Three of these thermoregulatory adaptations within the skin or hair include: light hair color, dark skin color, and insulating hollow hair. To identify the genes responsible for these traits, DNA, RNA, proteins, and tissue structure of polar bears will be compared to both the brown/grizzly bear and American black bear. Further, the rate of hair heating and cooling, and energy transfer at the hair-skin boundary will be measured and modeled with the aim of developing novel nanoscale materials.
Thus, the project will yield new insights into how mammals remain warm in extreme cold environments. Similar pigmentation and hair structural variation have evolved in other Arctic mammals; thus, understanding the molecular and cellular mechanisms of these traits will provide a starting point to investigate convergence. Research results will be translated into educational materials appropriate for K-12 students and distributed to zoos with polar bears, as zoos are often the only opportunity people have to observe these animals.
Finally, the project will train scientists in effective science communication and reach non-expert audiences through public outreach.
Arctic species must adapt to the extreme temperatures of their environment. This research focuses on skin and hair traits associated with thermoregulatory adaptation. Comparative genomics, transcriptomics, and histological staining of skin tissue between polar bears and two temperate species, brown and American black bears, will determine the cellular basis for light hair and dark skin.
Specifically, the abundance and location of melanocytes will be characterized, then changes in gene expression among bear species that can account for differences in cellular location will be identified.
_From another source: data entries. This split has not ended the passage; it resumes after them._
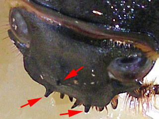 きょうエレファスのゼリーを交換してあげている時に、オスメス二人ともマットの上にいたので、じっくり観察しました。顔を近づけているとメスがいきなりパッと顔を上げ目が合いました(^-^;普段ほとんど注目されていないカブトのメスの顔。どアップで撮影してみました。赤い矢印のところ3か所に小さな角(というより突起)があるのに今日始めて気が付きました。役にたっているのかいないのか、もしかしたらこの突起を使ってマットの中をぐいぐい掘り進んでいるのかもしれません。この3つの突起ですが、オスの顔と比べてみます。なんだか丁度、額の角と長角の先の二つに分かれている部分にぴったりくる部分にメスの突起があるんですね。。。それにしてもメスの顔って、インパクトありすぎです‥。(目が前向いてるし‥)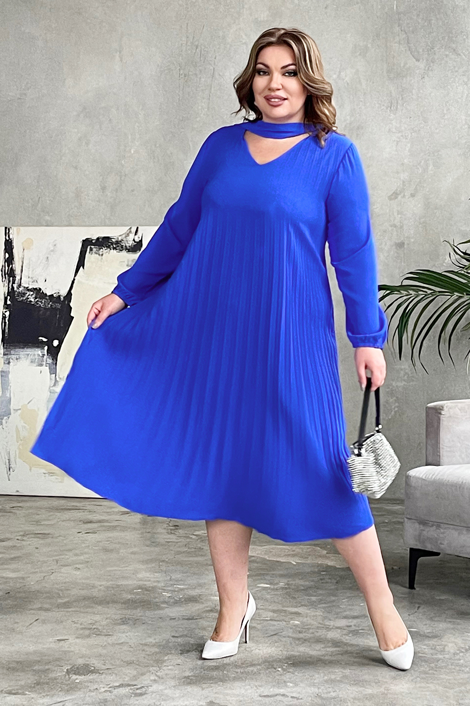 Стильное женское платье трапеция из мягкого гофрированного материала. имеет классический v-образный вырез. рукава полной длины по низу дополнены тонкой резинкой. аккуратная плиссировка зрительно вытягивает силуэт и визуально стройнит. полуприлегающий силуэт и мягкий материал искусно обыгрывают фигуру и дарят комфорт в течение всего дня. стильный клатч и туфли на каблуках станут идеальным дополнением к нарядному образу.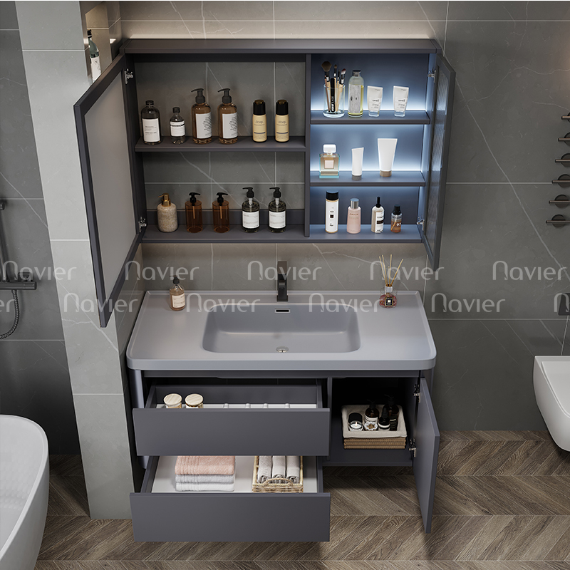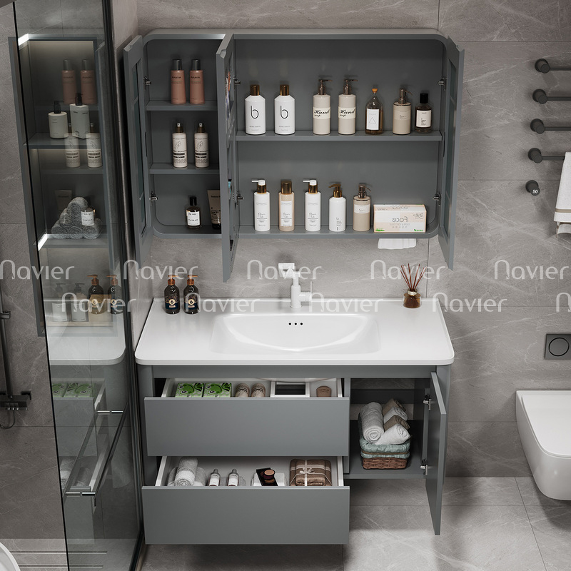 - Không gian lưu trữ rộng rãi: Với nhiều ngăn tủ phân chia hợp lý, người dùng có thể sắp xếp mỹ phẩm, đồ dùng cá nhân, khăn tắm,… một cách gọn gàng.
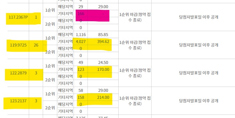 117 타입은 기타 지역에 배정된 세대가 없는데 166세대나 지원을 하였다. 그밖에 122,123세대는 낮은 세대를 배정하지만 소신 있게 지원한 분들은 나름 승리자이다. 상대적으로 높은 당첨확률이다.

Beyond pigmentation differences, polar bear hair has a hollow center thought to increase the insulating capacity of the fur. To identify the genes that underly this trait, protein abundance within hair will be compared among species.
Ancestral recombination graphs will be constructed to quantify when during the evolutionary history of polar bears this adaptation arose. As the hollow hair has distinct applications in creating novel heat retaining nanomaterials, this research will quantify and model thermodynamic properties of the hair and hair-skin interface over a range of environmentally relevant temperatures.
This award reflects NSF's statutory mission and has been deemed worthy of support through evaluation using the Foundation's intellectual merit and broader impacts review criteria.